От християнской веры, в которой она родилась, остались у ней тайные понятия и золотой крест на груди. Каким образом этот крест попал к ней, она не помнила; только не забыла, что женщина, которая вынесла ее из пожара, когда горел отцовский дом, строго наказывала ей никогда не покидать святого знамения Христа и, как она говорила, благословения отцовского. Эта самая женщина продала ее хотинскому паше. Француженка (учительница Мариорицы в гареме паши), узнав, что Мариорица родилась християнкою, старалась беседами на языке, непонятном для черных стражей, ознакомить ученицу свою с главными догматами своей веры. От этого учения и гаремного воспитания ее сочетались в душе Мариорицы, пламенной, мечтательной, и фатализм магометанский и мистицизм православия, так что в небе, созданном ею, обитали и чистейшие духи и обольстительные девы пророка, а на земле все действия человека подчинялись предопределению[7 - Цитируется ч. I, с. 12–13; на последующих страницах статьи Белинский цитирует: ч. I, с. 91, 169, ч. III, с. 165, ч. II, с. 123–124, ч. III, с. 161–162.].
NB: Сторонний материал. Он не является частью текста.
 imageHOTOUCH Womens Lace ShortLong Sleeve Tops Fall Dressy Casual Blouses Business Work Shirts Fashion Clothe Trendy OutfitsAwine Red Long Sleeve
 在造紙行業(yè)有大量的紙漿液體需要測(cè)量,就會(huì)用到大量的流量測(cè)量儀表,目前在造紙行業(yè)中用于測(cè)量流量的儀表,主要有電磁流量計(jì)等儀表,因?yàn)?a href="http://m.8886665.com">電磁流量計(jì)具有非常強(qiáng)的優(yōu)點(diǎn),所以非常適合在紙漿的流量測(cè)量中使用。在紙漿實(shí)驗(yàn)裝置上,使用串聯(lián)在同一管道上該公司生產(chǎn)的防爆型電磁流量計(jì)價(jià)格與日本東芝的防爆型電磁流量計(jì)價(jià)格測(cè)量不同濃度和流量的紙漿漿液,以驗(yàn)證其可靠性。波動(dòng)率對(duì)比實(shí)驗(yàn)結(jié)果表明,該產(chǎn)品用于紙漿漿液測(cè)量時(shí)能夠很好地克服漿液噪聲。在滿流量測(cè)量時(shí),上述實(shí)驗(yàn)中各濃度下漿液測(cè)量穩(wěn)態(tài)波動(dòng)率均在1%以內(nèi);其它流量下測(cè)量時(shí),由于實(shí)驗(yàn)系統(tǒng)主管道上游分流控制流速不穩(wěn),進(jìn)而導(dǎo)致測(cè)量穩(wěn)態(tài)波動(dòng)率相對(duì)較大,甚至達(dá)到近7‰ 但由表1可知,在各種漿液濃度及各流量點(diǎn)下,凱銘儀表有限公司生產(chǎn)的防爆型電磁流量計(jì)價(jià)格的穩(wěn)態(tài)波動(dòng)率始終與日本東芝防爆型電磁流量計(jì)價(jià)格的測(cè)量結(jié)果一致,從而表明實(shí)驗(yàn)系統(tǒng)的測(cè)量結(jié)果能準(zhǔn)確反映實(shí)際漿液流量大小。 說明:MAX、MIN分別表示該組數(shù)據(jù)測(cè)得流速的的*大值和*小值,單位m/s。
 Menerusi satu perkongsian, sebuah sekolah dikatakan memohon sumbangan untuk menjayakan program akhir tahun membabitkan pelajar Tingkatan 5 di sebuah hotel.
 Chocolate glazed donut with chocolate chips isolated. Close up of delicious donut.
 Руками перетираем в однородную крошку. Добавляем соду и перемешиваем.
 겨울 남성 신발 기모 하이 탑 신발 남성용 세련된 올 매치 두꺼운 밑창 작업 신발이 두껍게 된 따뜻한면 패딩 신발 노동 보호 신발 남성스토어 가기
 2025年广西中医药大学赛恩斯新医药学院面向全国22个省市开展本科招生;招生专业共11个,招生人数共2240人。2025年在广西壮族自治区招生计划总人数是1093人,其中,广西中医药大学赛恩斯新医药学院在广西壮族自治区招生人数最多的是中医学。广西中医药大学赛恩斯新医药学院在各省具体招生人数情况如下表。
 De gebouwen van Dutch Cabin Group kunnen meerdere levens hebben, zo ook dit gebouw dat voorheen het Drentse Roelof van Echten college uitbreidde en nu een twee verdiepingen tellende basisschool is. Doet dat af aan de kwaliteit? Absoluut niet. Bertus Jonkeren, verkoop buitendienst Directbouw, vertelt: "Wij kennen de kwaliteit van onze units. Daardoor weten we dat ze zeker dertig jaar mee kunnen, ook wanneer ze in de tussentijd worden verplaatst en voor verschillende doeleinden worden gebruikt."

Читателям знакома эта обворожительная Мариорица, знакома им и ее чудная судьба. Дочь цыганки и молдаванского князя, она воспитывалась сперва в цыганском таборе, потом подкинута была своею матерью к своему отцу, а наконец была продана ею хотинскому паше, который берег ее в подарок султану, ничего не щадил для ее воспитания, любовался ею, сдерживая желания дряхлой старческой души, сносил ее прихоти, свойственные женщине и избалованному ребенку вместе. По взятии Хотина Минихом она попалась пленницею знаменитому вождю, а им была подарена государыне Анне Ивановне, которая любовалась ею, как игрушкою, и любила ее, как дочь. Фатализм был источником любви Мариорицы к Волынскому – прекрасная, поэтическая мысль, которая могла родиться только в прекрасной, поэтической душе… Года за два до ее плена, когда русские вели с турками переговоры в Немирове, старый паша говорил в шутку Мариорице, что он уступит ее русскому послу Волынскому, о котором слава прошла тогда до Хотина. Надобно было, чтобы этот самый Волынский, ловкий, статный, красивый, с черными кудрями, рассыпающимися по плечам, с пронзающими взорами, первый из мужчин встретил ее по приезде ее в Петербург.
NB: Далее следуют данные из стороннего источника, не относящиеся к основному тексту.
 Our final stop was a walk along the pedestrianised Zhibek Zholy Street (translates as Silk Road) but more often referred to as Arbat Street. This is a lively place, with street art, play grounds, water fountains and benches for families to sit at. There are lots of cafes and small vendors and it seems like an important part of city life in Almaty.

При имени Волынского княжна затрепетала. Фатализм, которым она с малолетства была напитана, сказал ей, что это самый тот, неизбежимый ею, суженный ей роком, что она введена с пепелища отцовского дома в Хотин и оттуда в страну, о которой и не мыслила никогда, потому единственно, что еще при рождении назначено ей любить русского, именно Волынского.
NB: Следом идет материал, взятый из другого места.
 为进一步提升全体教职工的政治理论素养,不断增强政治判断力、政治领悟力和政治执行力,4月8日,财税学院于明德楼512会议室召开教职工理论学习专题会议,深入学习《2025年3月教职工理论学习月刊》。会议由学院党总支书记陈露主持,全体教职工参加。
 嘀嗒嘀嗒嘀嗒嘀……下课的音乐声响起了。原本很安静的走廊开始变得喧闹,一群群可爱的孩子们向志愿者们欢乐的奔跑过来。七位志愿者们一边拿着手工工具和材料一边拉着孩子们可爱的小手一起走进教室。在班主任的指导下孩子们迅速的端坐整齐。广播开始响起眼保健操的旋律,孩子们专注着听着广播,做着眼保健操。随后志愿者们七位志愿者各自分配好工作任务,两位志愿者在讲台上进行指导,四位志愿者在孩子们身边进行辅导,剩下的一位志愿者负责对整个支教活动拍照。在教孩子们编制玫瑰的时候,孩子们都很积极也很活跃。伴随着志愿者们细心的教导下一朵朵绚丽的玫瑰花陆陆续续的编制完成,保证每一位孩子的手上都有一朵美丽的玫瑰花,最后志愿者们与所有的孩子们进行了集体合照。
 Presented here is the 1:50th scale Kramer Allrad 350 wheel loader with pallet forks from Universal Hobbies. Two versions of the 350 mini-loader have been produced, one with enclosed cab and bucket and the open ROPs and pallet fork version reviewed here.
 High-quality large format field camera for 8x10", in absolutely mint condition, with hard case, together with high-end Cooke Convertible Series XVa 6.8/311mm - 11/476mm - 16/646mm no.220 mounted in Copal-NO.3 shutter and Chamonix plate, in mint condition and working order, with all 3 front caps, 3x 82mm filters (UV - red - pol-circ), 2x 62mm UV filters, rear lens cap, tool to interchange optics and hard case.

Так говорит автор, и мы очень жалеем, что вслед за этими простыми, но много заключающими в себе словами он, увлекшись духом прошлого века, прибавляет о каком-то рецепте любви, прописанном маленьким доктором в блондиновом паричке и с двумя крылышками за плечами…

К Волынскому на святках под видом друзей забрались переряженные враги; между ними был изменник, который шепнул ему о проделке. Лихой, разгульный Волынский шепнул слугам отослать их кучеров, отпотчевал дорогих гостей дорогими винами, посадил на свои сани и велел слугам отвезти их на Волково поле там бросить, а сам, наряженный кучером, повез оттуда брата Бирона и, пристыженного, униженного, ссадил его у дворца, давши ему этим добрый урок шутить осторожнее. Потом Волынский два раза проехал мимо дворца, где жила его Мариорица. Вдруг слышит голоса – это девушки; одна спрашивает его: «Как тебя зовут, дружок?» Волынский задрожал от звуков этого голоса и снявши шапку, отвечал: «Артемием, сударыня!» – «Артемий! – смеясь, закричали девушки, – какое дурное имя!» – «Неправда! оно мне нравится!» – подхватила княжна. А Волынский? – Лихой ямщик, он вздохнул, надел шапку набекрень и, тронув шагом лошадей, затянул приятным голосом:

Вдоль по улице метелица метет,
За метелицей и милый друг идет.
«Ты постой, постой, красавица моя!
Еще дай ты насмотреться на себя.
На твою, радость, прекрасну красоту;
Красота твоя с ума меня свела;
Сокрушила добра молодца меня!»

Это природа чисто русская, это русский барин, русский вельможа старых времен!.. Вообще вся эта глава (VII) – одно из лучших мест романа и не испортила бы никакого и ничьего романа.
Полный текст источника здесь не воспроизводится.